Олджуна в панике перескочила через ручей и, слыша за спиной тяжелый всплеск и шум рушащихся кустов, метнулась к сосне с коровьим черепом на верхней ветви. За сосной мелькнул угол сруба с крышей, похожей на перевернутый арангас. Олджуна устремилась к нему. Это была могила жены багалыка, которую он, уж приемная-то дочь знала, проведывал часто. На концах балок крыши выступали деревянные обереги – резные лошадиные головы. Олджуна забилась в щель под приступкой сруба и зажмурилась.
– Спаси, Дэсегей…
Не сумеет страшилище с прямыми рогами выковырнуть ее отсюда! Она помнила, с каким трудом лось поддевал внутренности косули на свои неуклюжие колья.
Между тем и напористый шум железа усиливался с каждым мгновением.
– Прости, Нарьяна, – молила живая женщина покойницу, прижимаясь к бревенчатой стенке могилы. – Я скажу Хорсуну об Илинэ, давно хотела сказать, да все как-то не было случая… Я узнала от Сордонга о том, что главный жрец скрыл… Прости, Нарьяна, ради детей во мне…

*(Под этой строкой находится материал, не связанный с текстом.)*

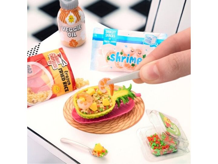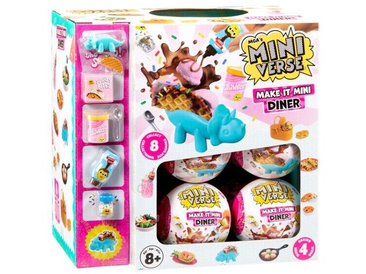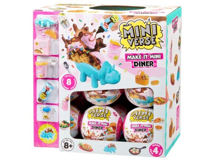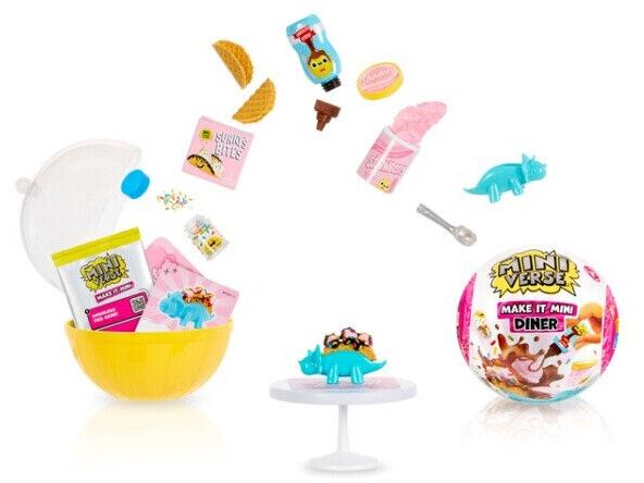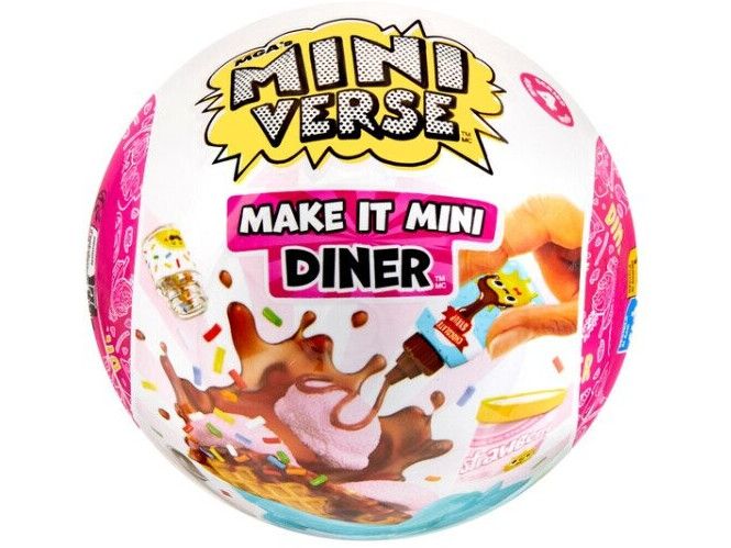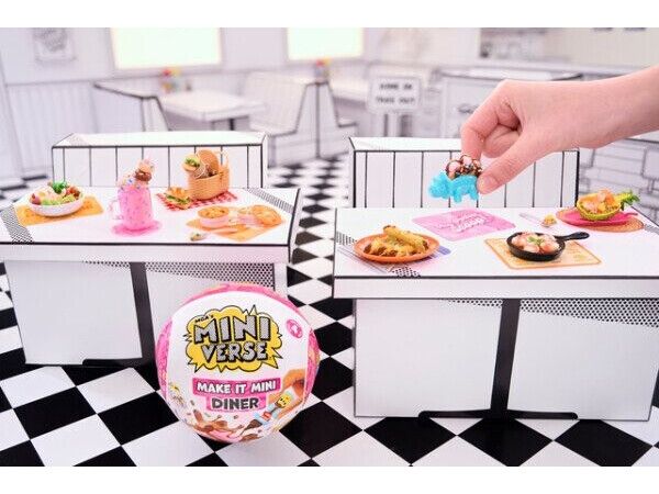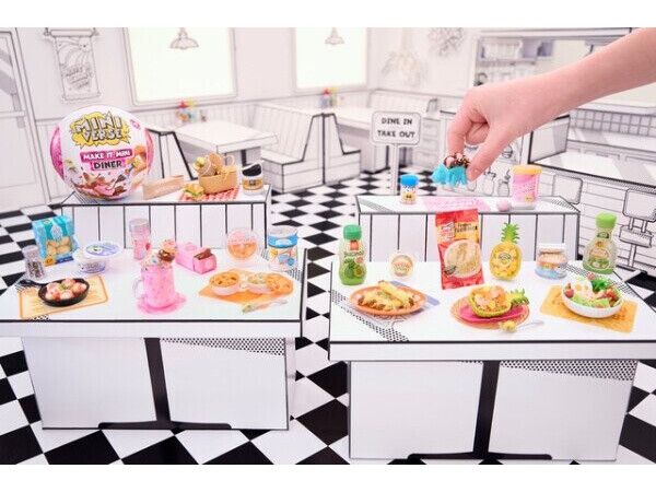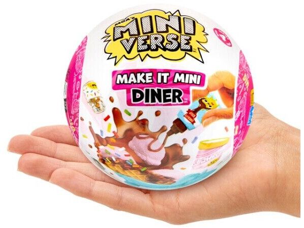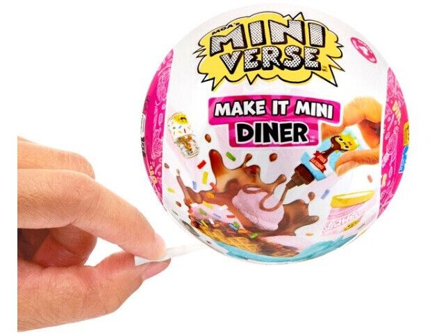 Meet MGA's Miniverse, Make It Mini Food™! The original mini collectible that you can prep, set & display. Each ball comes with realistic mini "ingredients" and kitchen accessories to make your own mini replicas of your favorite dishes and drinks! Each package is a SURPRISE. Follow the "recipe" card to prep your mini. Once you've finished creating your mini, set your replica under the sun or a 365nm UV light for about 5 minutes until the resin has hardened. Once it's set, you've got a collectible ready for display! The fun doesn't stop. there! Your finished replica is not the only item worth collecting. The mini kitchen accessories and packaging are just as cute and collectible. Each ball holds holds tableware, tools and 4-5 food ingredients to create delicious dishes. Includes also a table so that you can display your dishes and show them to your friends. From 8 years.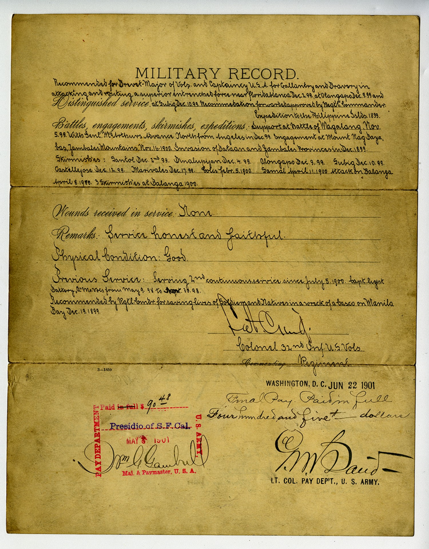 MILITARY RECORD. Recommended for Brevet-Major of Vols. and Captaincy U.S.A. for Gallantry and Bravery in attacking and routing a superior entrenched force near Floridablanca [December] 2. [1899], at Olangapo [December] 9 [1899] and Distinguished service at Subig [December] 10. [1899]. Recommendation forwarded approved by Regtl. Commander. Expedition to the Philippines Islds. 1899. Battles, engagements, skirmishes, expeditions Support at Battle of Magalang, [November] 5. [1899]. With Genl. McAurthurs Advance North from Angeles in [December 1899]. Engagement at Mount Nag Baya. bas, Zambales Mountains. [November] 16-1900. Invasion of Bataan and Zambales Provinces in [December] 1899. Skirmishes: Santol [December] 2nd [1899]. Dinalupijan [December] 4. [1899]. Olongapo [December] 9. [1899]. Subig [December] 10. [1899]. Castillejose [December] 12 [1899]. Mariveles [December] 17. [1899]. Colis [February] 5. 1900. Samal April 11. 1900 Attack on Balanga April 8. 1900. 3 Skirmishes at Balanga 1900. Wounds received in service: None. Remarks: Service honest and faithful. Physical Condition: Good. Previous Service: Serving 2nd continuous service since July 5. 1900. Capt. light Battery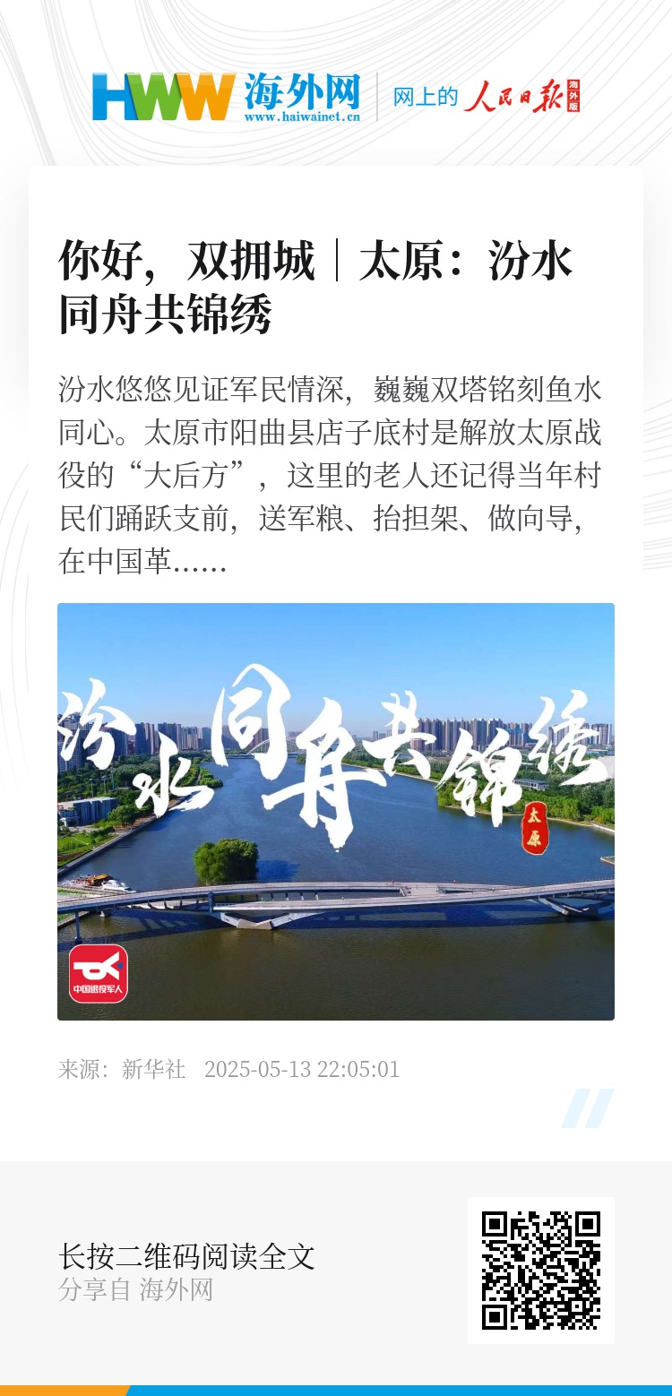 从“双拥示范街”钟楼街到地铁车厢的国防教育,从“双免”政策的暖心举措到“双拥驿站”的贴心服务,太原市正以实实在在的行动,让双拥传统焕发时代光彩。(曹舒昊)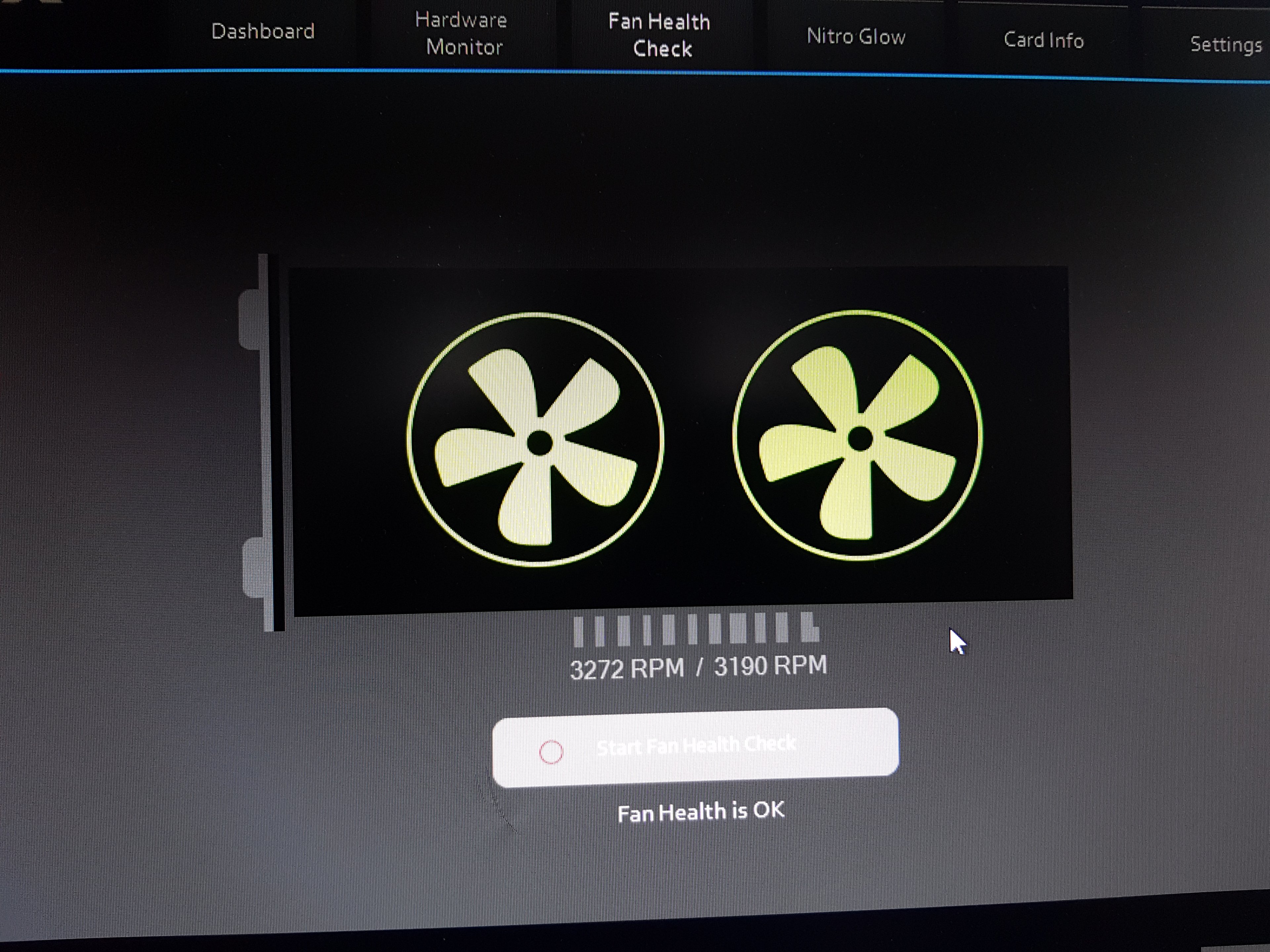 Könnt ihr bei eurer Nitro Karte Geräusche aus dem geschlossenen Gehäuse hören, wenn ihr die Lüfter auf 20% Drehzahl stellt?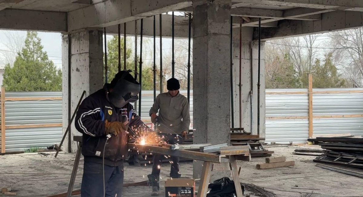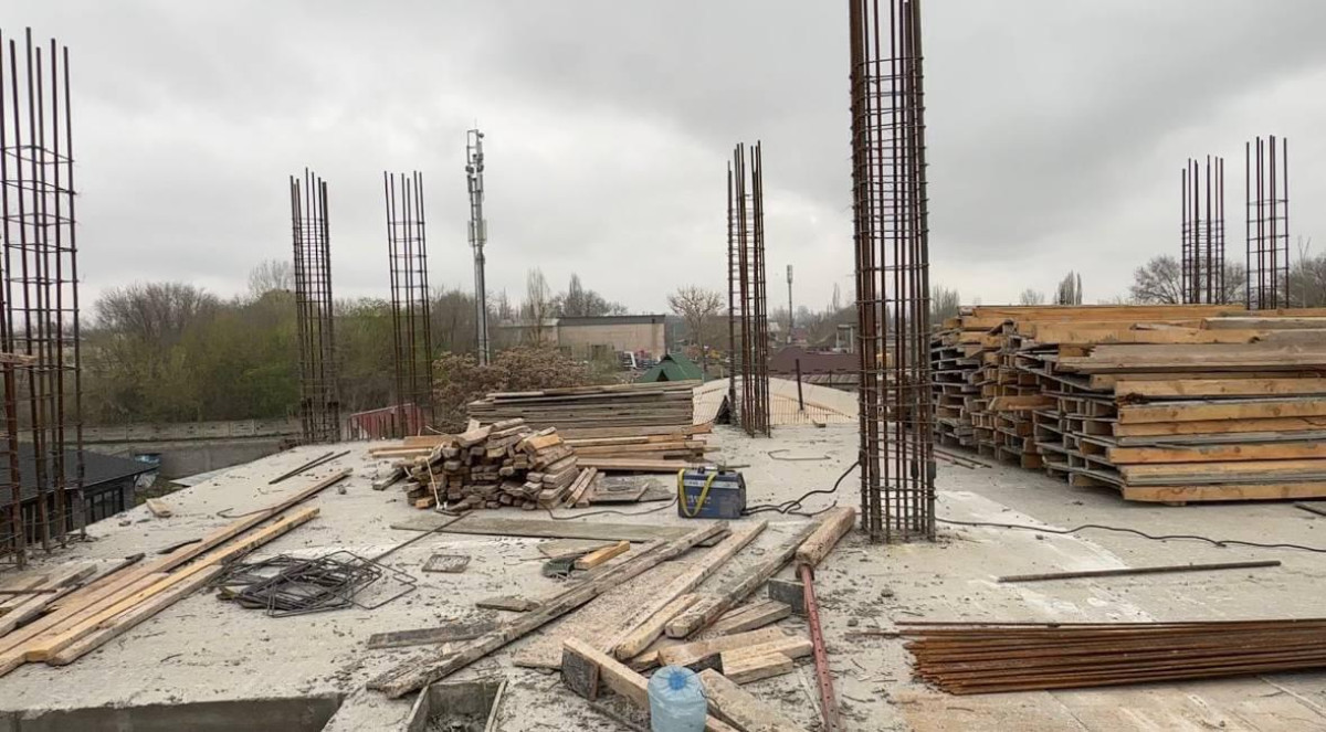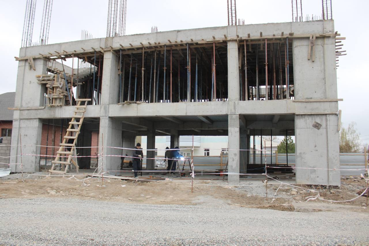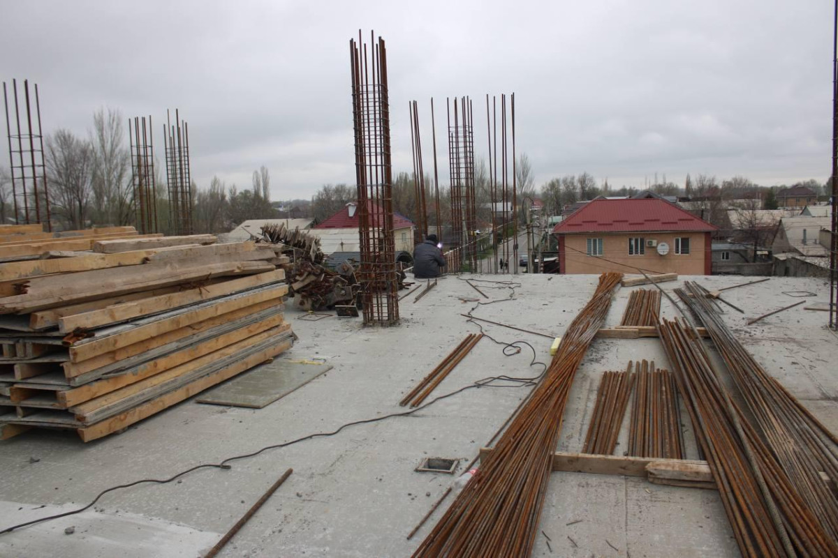 Маалымдалгандай, учурда 1-кабатына кирпич коюу иштери жүрүп, 3-кабаттын монолиттүү полун бекемдөө иштери жүрүп жатат.

Жеребцы-утесы взъярились и зарокотали, неспособные с места сойти. Гигантская коновязь Каменного Пальца еле удерживала скальных лошадей. Гулкие звуки бросились по горным проходам, распадкам и дну ущелий в погоню за удирающим эхом. Духи гор и троп грозовой тучей кинулись навстречу ржавой махине, рассеивая дым и пыльные вихри. Казалось, опоры Срединной качнулись и мир навис над бездной. Олджуна схватилась за приступку руками, уперлась в нее коленями. Может, Орто впрямь накренилась и пряморогий уже катится в вечность, если до сих пор не явился? Осмелилась повернуть голову к свету. Лось стоял близко, злобно вгоняя копытами в землю ворох сухих березовых веток. А по тропе, набитой за годы тайных посещений, поднимался Хорсун.
* * *
Самодвига с грохотом буравила раскаленную дорогу в каменном грунте, судорожно трясясь на самом малом ходу. Трубы оглушительно выли и стреляли клубами огневого горючего пара. Над приоткрытыми крышками дыбился спутанный в колтуны хаос железных жил.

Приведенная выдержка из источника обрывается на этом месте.